Start of EXTRACTED MATERIAL

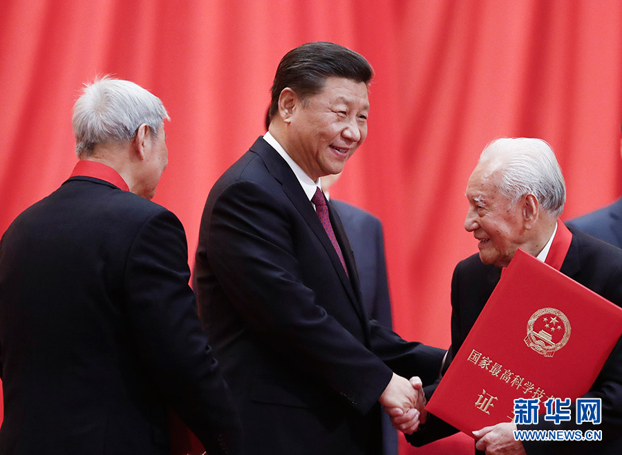 1月10日,2019年度国家科学技术奖励大会在北京人民大会堂隆重举行。中共中央总书记、国家主席、中央军委主席习近平向获得2019年度国家最高科学技术奖的原中国船舶重工集团公司第七一九研究所黄旭华院士(右)和中国科学院大气物理研究所曾庆存院士(左)颁奖。 新华社发(盛佳鹏 摄)
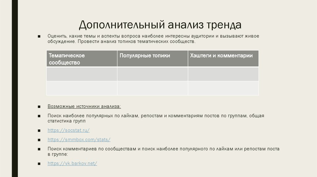 Формирование тренда и оценка его релевантности ценностям аудитории
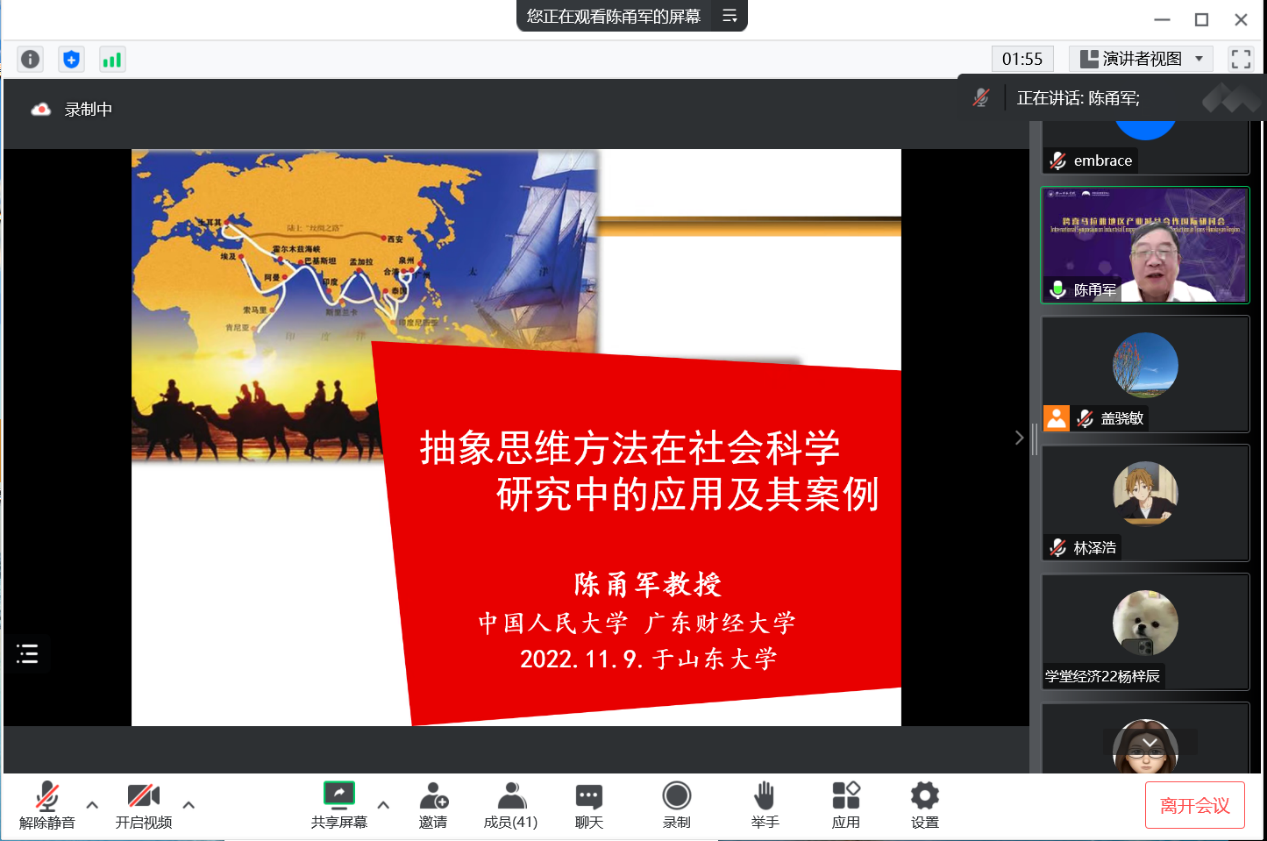 讲座中,陈甬军着重讨论了在经济学等社会科学研究中运用抽象方法的重要性。他先是介绍了抽象与具体的哲学含义,认为抽象既是思维对客观事物某一属性、关系的反映,又是一个过程,抽象和具体对立统一,在一定条件下相互转化。他提到,认识的发展是一个从感性具体到抽象,再从抽象到理性具体,如此不断往复的过程。接着,陈甬军阐述了经济学中抽象思维方法的应用框架:首先要全面调查经济现象,其次对同类经济现象进行抽象思维,找出其本质内容作为理论的基本框架,并借助模型、图形等(即理论模型)形式加以表达,最后对该理论模型进行理论和经验两方面的验证。此外,陈甬军以一带一路建设、国内国际双循环以及建设全国统一大市场为例,深入浅出地介绍了利用抽象方法构建理论模型在社会学和经济学中的具体应用,并依据理论模型对中国现实作出了解释。他指出,理论不可能穷尽现实,但必须能够说明现实,在运用理论公式与模型时,要注意其前提条件。讲座最后,陈甬军对同学们提出的相关问题进行了详细解答,其精彩的讲座内容,有助于培养学生的抽象思维能力和研究能力。
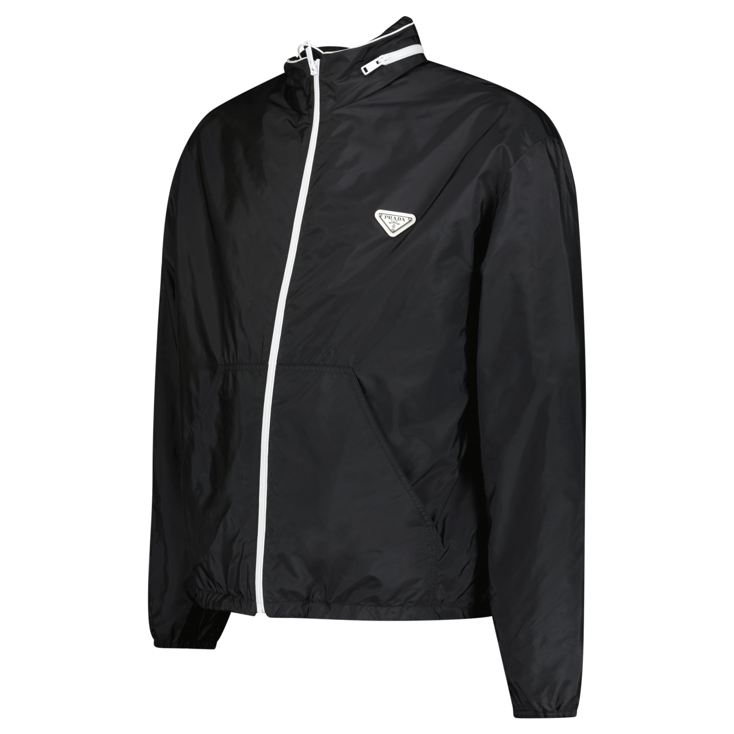 Designed with a sleek windbreaker silhouette, the jacket offers protection from the elements while maintaining a clean, modern aesthetic. The signature Prada logo detail adds a subtle yet recognisable designer finish, while the lightweight construction makes it ideal for layering across seasons
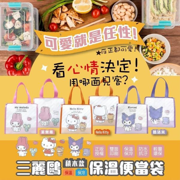 【正版授權】三麗鷗積木款保溫便當袋3個組
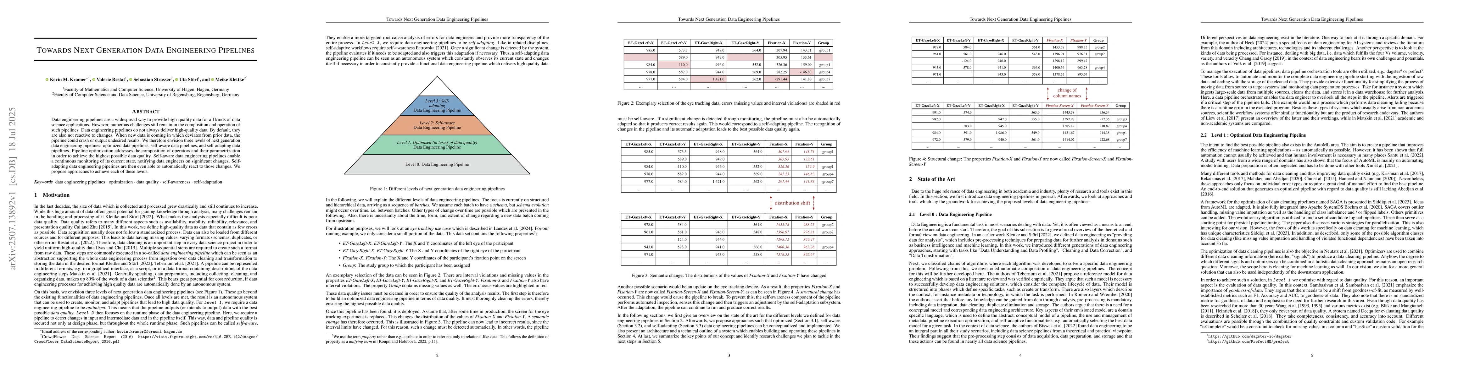 Data engineering pipelines are a widespread way to provide high-quality data for all kinds of data science applications. However, numerous challenges still remain in the composition and operation of such pipelines. Data engineering pipelines do not always deliver high-quality data. By default, they are also not reactive to changes. When new data is coming in which deviates from prior data, the pipeline could crash or output undesired results. We therefore envision three levels of next generation data engineering pipelines: optimized data pipelines, self-aware data pipelines, and self-adapting data pipelines. Pipeline optimization addresses the composition of operators and their parametrization in order to achieve the highest possible data quality. Self-aware data engineering pipelines enable a continuous monitoring of its current state, notifying data engineers on significant changes. Self-adapting data engineering pipelines are then even able to automatically react to those changes. We propose approaches to achieve each of these levels.
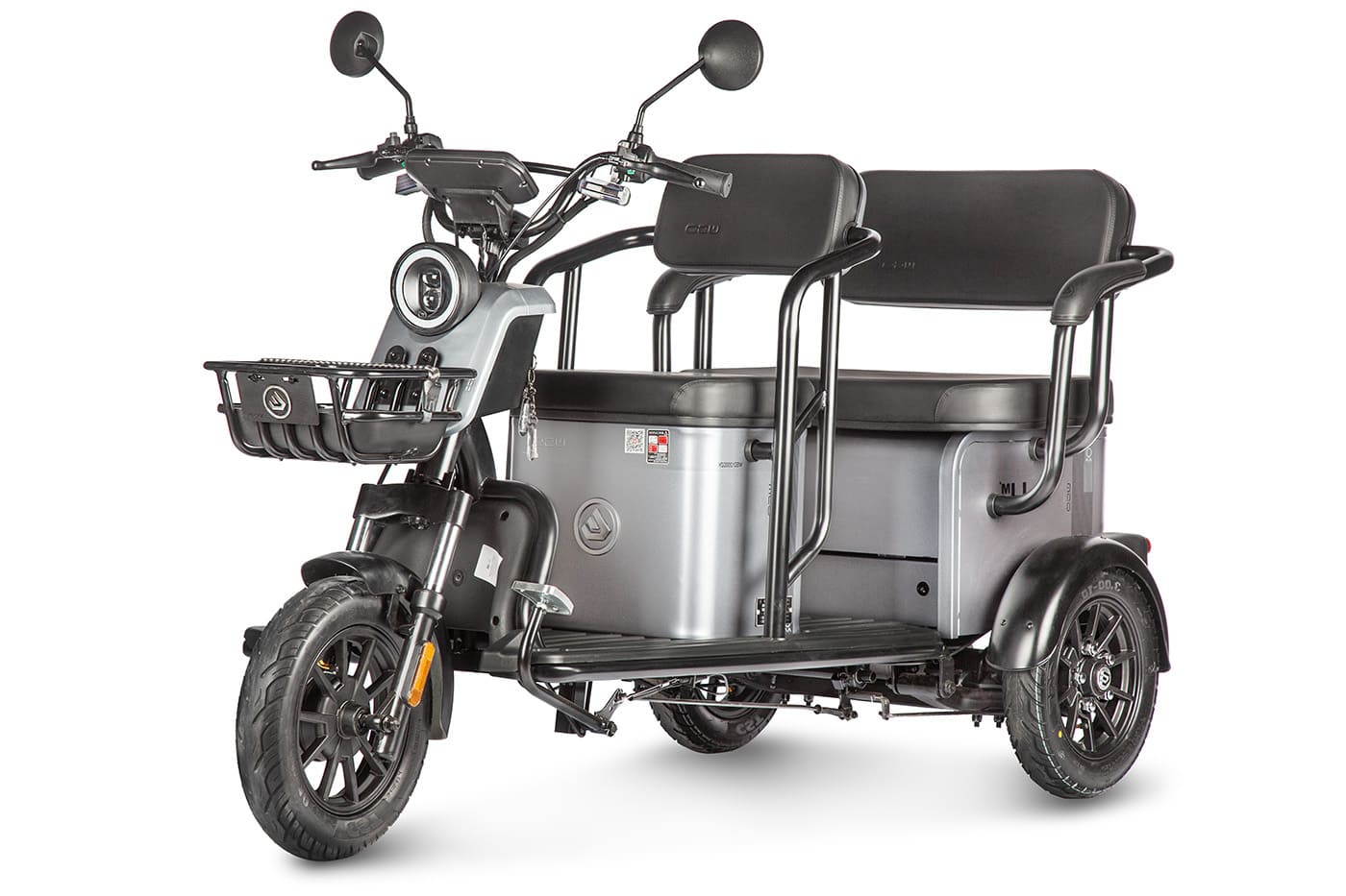 Электротрицикл Wanshida UM+ — это современное и экологичное решение для комфортных поездок по городу. Мощный двигатель на 1000 Вт гарантирует плавное и уверенное движение даже на сложных участках дороги, делая его идеальным выбором как для перевозки пассажиров, так и для транспортировки небольших грузов. Этот трицикл сочетает в себе надёжность, практичность и стильный дизайн, что делает его универсальным средством передвижения.

End of EXTRACTED MATERIAL

- _WHAT YOU SHOULD DO_: The answer must be an exact copy of the lines from the one with "Data engineering pipelines are a" through the final line above, both ends included, and nothing else; pictures stay out.

- _RESPONSE_:
 Data engineering pipelines are a widespread way to provide high-quality data for all kinds of data science applications. However, numerous challenges still remain in the composition and operation of such pipelines. Data engineering pipelines do not always deliver high-quality data. By default, they are also not reactive to changes. When new data is coming in which deviates from prior data, the pipeline could crash or output undesired results. We therefore envision three levels of next generation data engineering pipelines: optimized data pipelines, self-aware data pipelines, and self-adapting data pipelines. Pipeline optimization addresses the composition of operators and their parametrization in order to achieve the highest possible data quality. Self-aware data engineering pipelines enable a continuous monitoring of its current state, notifying data engineers on significant changes. Self-adapting data engineering pipelines are then even able to automatically react to those changes. We propose approaches to achieve each of these levels.
 Электротрицикл Wanshida UM+ — это современное и экологичное решение для комфортных поездок по городу. Мощный двигатель на 1000 Вт гарантирует плавное и уверенное движение даже на сложных участках дороги, делая его идеальным выбором как для перевозки пассажиров, так и для транспортировки небольших грузов. Этот трицикл сочетает в себе надёжность, практичность и стильный дизайн, что делает его универсальным средством передвижения.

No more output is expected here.